When we saw a video on YouTube of someone using a robotic arm to achieve object tracking, it deeply inspired us. We became very interested in this project and decided to independently develop a similar program.

The robotic arm used for the operation is the myCobot280 M5Stack. This is a small 6-axis robotic arm produced by Elephant Robotics, with M5Stack-Basic as the microprocessor, ESP32 as the auxiliary control, and a UR collaborative structure. The myCobot280 M5Stack-Basic has a body weight of 800g, a payload of 250g, a working radius of 280mm, and a compact and portable design. Despite its small size, it is powerful and easy to operate, capable of collaborating with humans and working safely.

The following image is a flowchart of the project development process.

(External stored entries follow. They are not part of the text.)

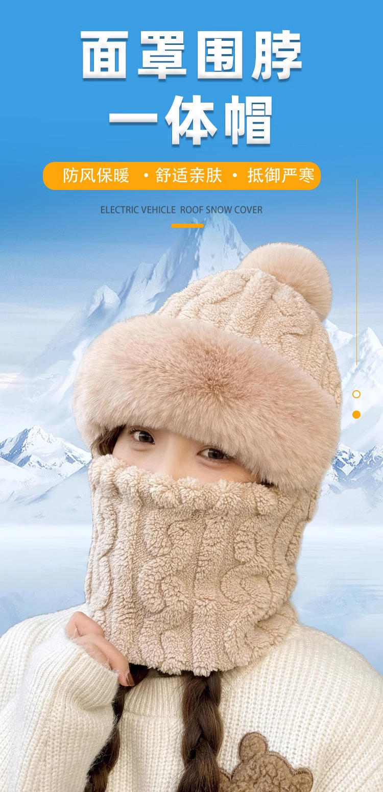 겨울 자카드 방풍 라이딩 넥워머 마스크 일체형 귀덮개 보온 터번 여성용 팬더 털모자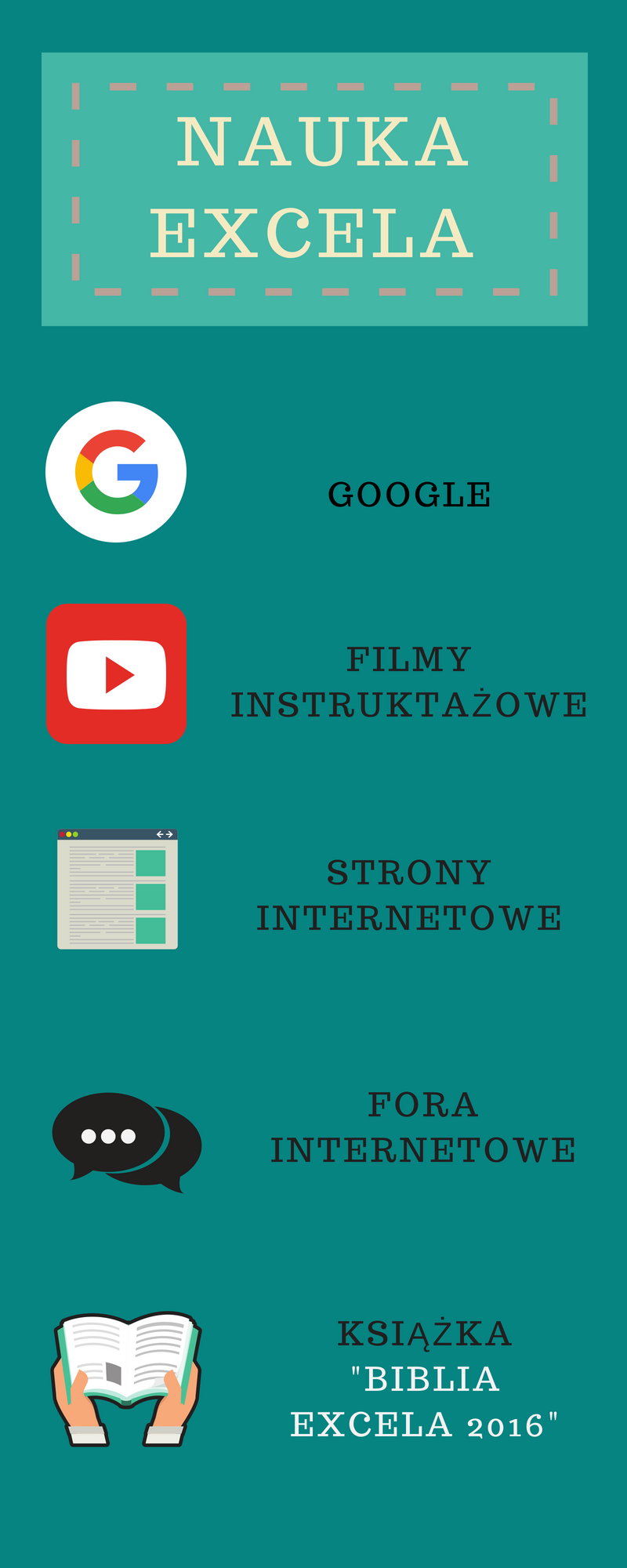 Korzystaj z pomocy Wujka – Google’a – wiem, że brzmi to bardzo banalnie, ale nie mogłem pominąć tego tematu. Jeżeli masz jakiś problem, którego nie możesz rozwiązać, Internet prawdopodobnie zna odpowiedź. Strony internetowe, grupy na portalach społecznościowych, kanały na YouTube. Wiedzę na temat Excela możesz znaleźć w setkach miejsc w sieci. Wystarczy po nie po prostu sięgnąć.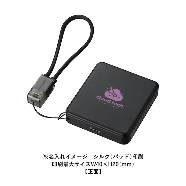 全面印刷対応!ケーブルをストラップとして携帯できるモバイルチャージャーです。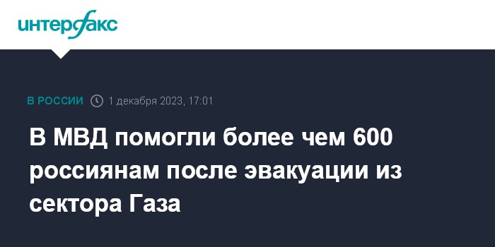 Москва. 1 декабря. INTERFAX.RU - Сотрудники МВД казали помощь более 600 гражданам, эвакуированным из сектора Газа, в том числе по восстановлению документов и получению правовых статусов, сообщила представитель министерства Ирина Волк.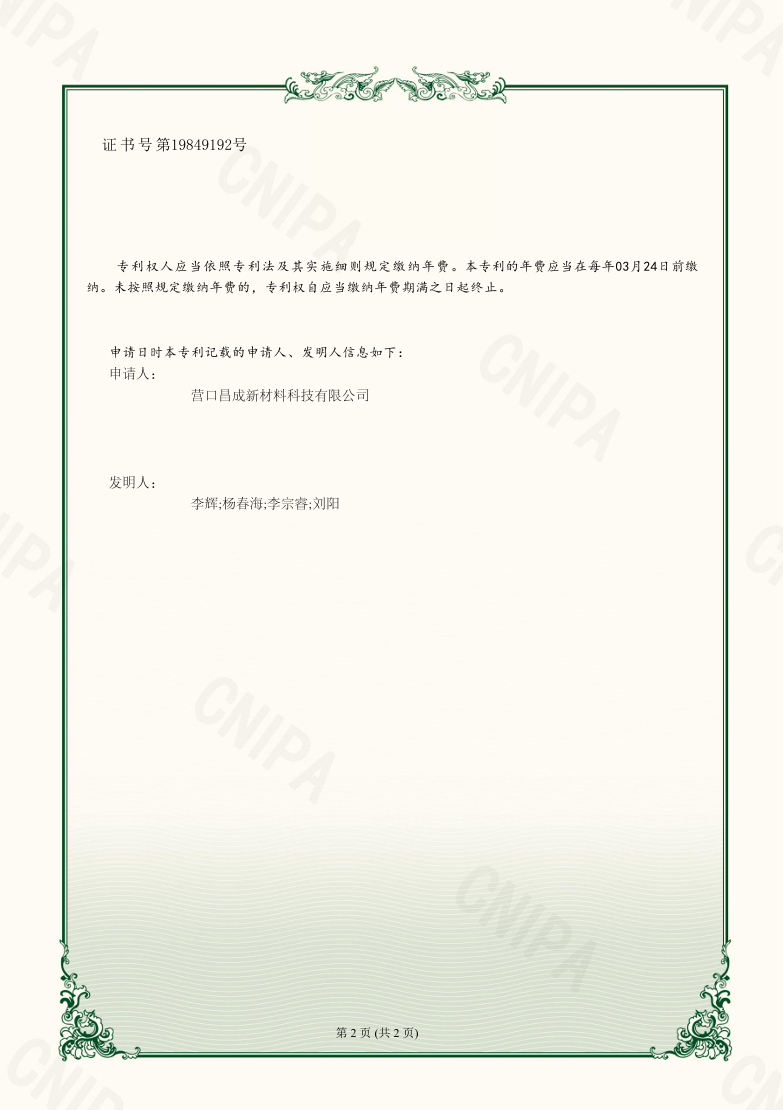 營口昌成新材料科技有限公司 版權(quán)所有(C)2021?網(wǎng)絡(luò)支持?中國化工網(wǎng)?全球化工網(wǎng)?生意寶?網(wǎng)盛建站?著作權(quán)聲明  遼ICP備2021005949號(hào)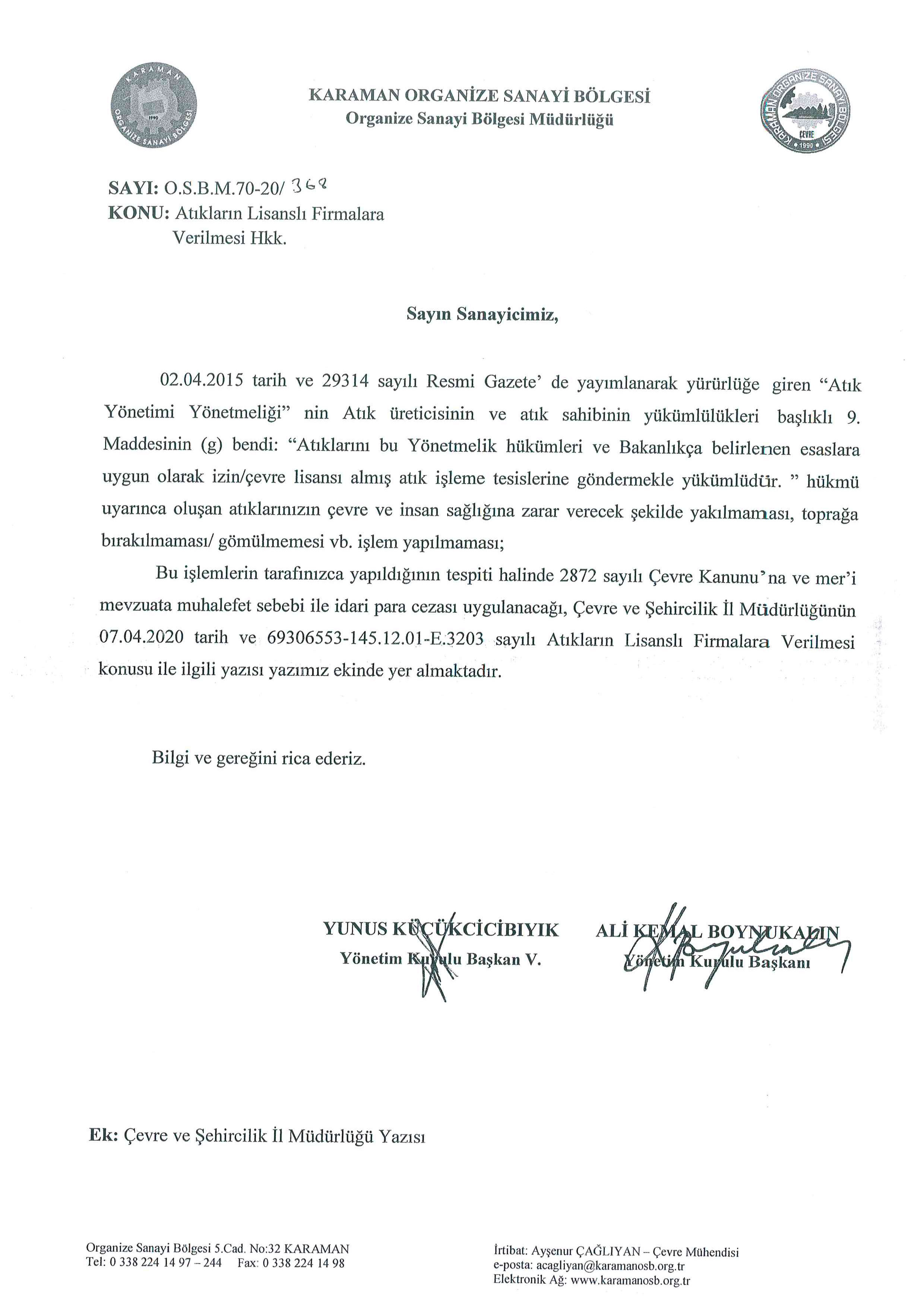 KARAMAN OSB YÖNETİMİNDEN BELEDİYE BAŞKANLIĞINA TEŞEKKÜR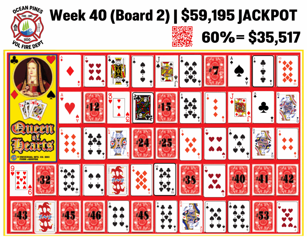 If the winning ticket holder picks the Queen of Hearts, they will receive 60% of the jackpot. The Ocean Pines Volunteer Fire Department will receive the remaining 40%.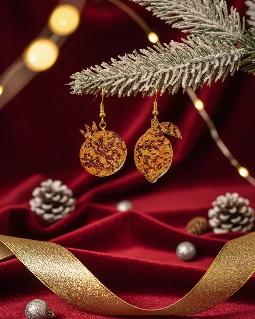 Boucles d'Oreilles "Fruits Exotiques Dorés" – Collection Fêtes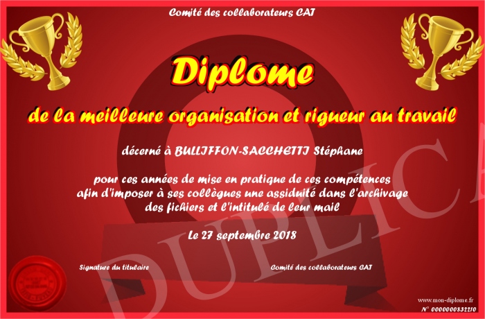 Envoyez par email votre Diplôme de la meilleure organisation et rigueur au travail personalisé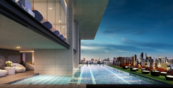 - พื้นที่พักผ่อนริมสระว่ายน้ำ หันหน้าเข้าหาถนนใหญ่

Before beginning development, we conducted some research and experiments. We used a camera to capture images of objects and utilized the OpenCV library for recognition. We attempted various methods, but object recognition required machine learning for the target we wanted to identify, which would increase the project development time. Ultimately, we decided to use aruco codes for identification, which allowed us to quickly capture the aruco codes and proceed to the next stage of development.

Code：

```
def show_video_v2(self):
# self.robot.init_robot()
xyz = np.array([0,0,0])
LIST = []
num_count = 0
list_len = 5
# cmax = [180, 80, 240]
# cmin = [130, -80, 200]
cmax = [150, -150, 300]
cmin = [-150, -250, 200]
while cv2.waitKey(1) < 0:
success, img = self.cap.read()
if not success:
print("It seems that the image cannot be acquired correctly.")
break
# transfrom the img to model of gray
gray = cv2.cvtColor(img, cv2.COLOR_BGR2GRAY)
# Detect ArUco marker.
corners, ids, rejectImaPoint = cv2.aruco.detectMarkers(
gray, self.aruco_dict, parameters=self.aruco_params
)
if len(corners) > 0:
if ids is not None:
# get informations of aruco
ret = cv2.aruco.estimatePoseSingleMarkers(
# '''https://stackoverflow.com/questions/53303730/what-is-the-value-for-markerlength-in-aruco-estimateposesinglemarkers'''
corners, 0.025, self.camera_matrix, self.dist_coeffs
)
# rvec:rotation offset,tvec:translation deviator
(rvec, tvec) = (ret[0], ret[1])
(rvec - tvec).any()
xyz = tvec[0, 0, :] * 1000
rpy = rvec[0,0,:]
camera = np.array([xyz[0], xyz[1], xyz[2]])
if num_count > list_len:
target = model_track(camera)
print("target", target)
for i in range(3):
if target[i] > cmax[i]:
target[i] = cmax[i]
if target[i] < cmin[i]:
target[i] = cmin[i]
pose = np.array([-103, 8.9, -164])
coord = np.concatenate((target.copy(), pose), axis=0)
# q1 = math.atan(xyz[0] / xyz[2])*180/np.pi
mc.send_coords(coord,50,0)
# print('target', coord)
num_count = 1
else:
num_count = num_count + 1
for i in range(rvec.shape[0]):
# draw the aruco on img
cv2.aruco.drawDetectedMarkers(img, corners)
cv2.imshow("show_video", img)
```

Hand-eye calibration refers to the process of determining the position and orientation of the robot end effector (such as a mechanical arm) relative to the robot base coordinate system in the field of robotics. This process involves pairing the robot end effector with a camera and then determining its position and orientation in the robot base coordinate system by capturing its position and orientation in the camera's field of view.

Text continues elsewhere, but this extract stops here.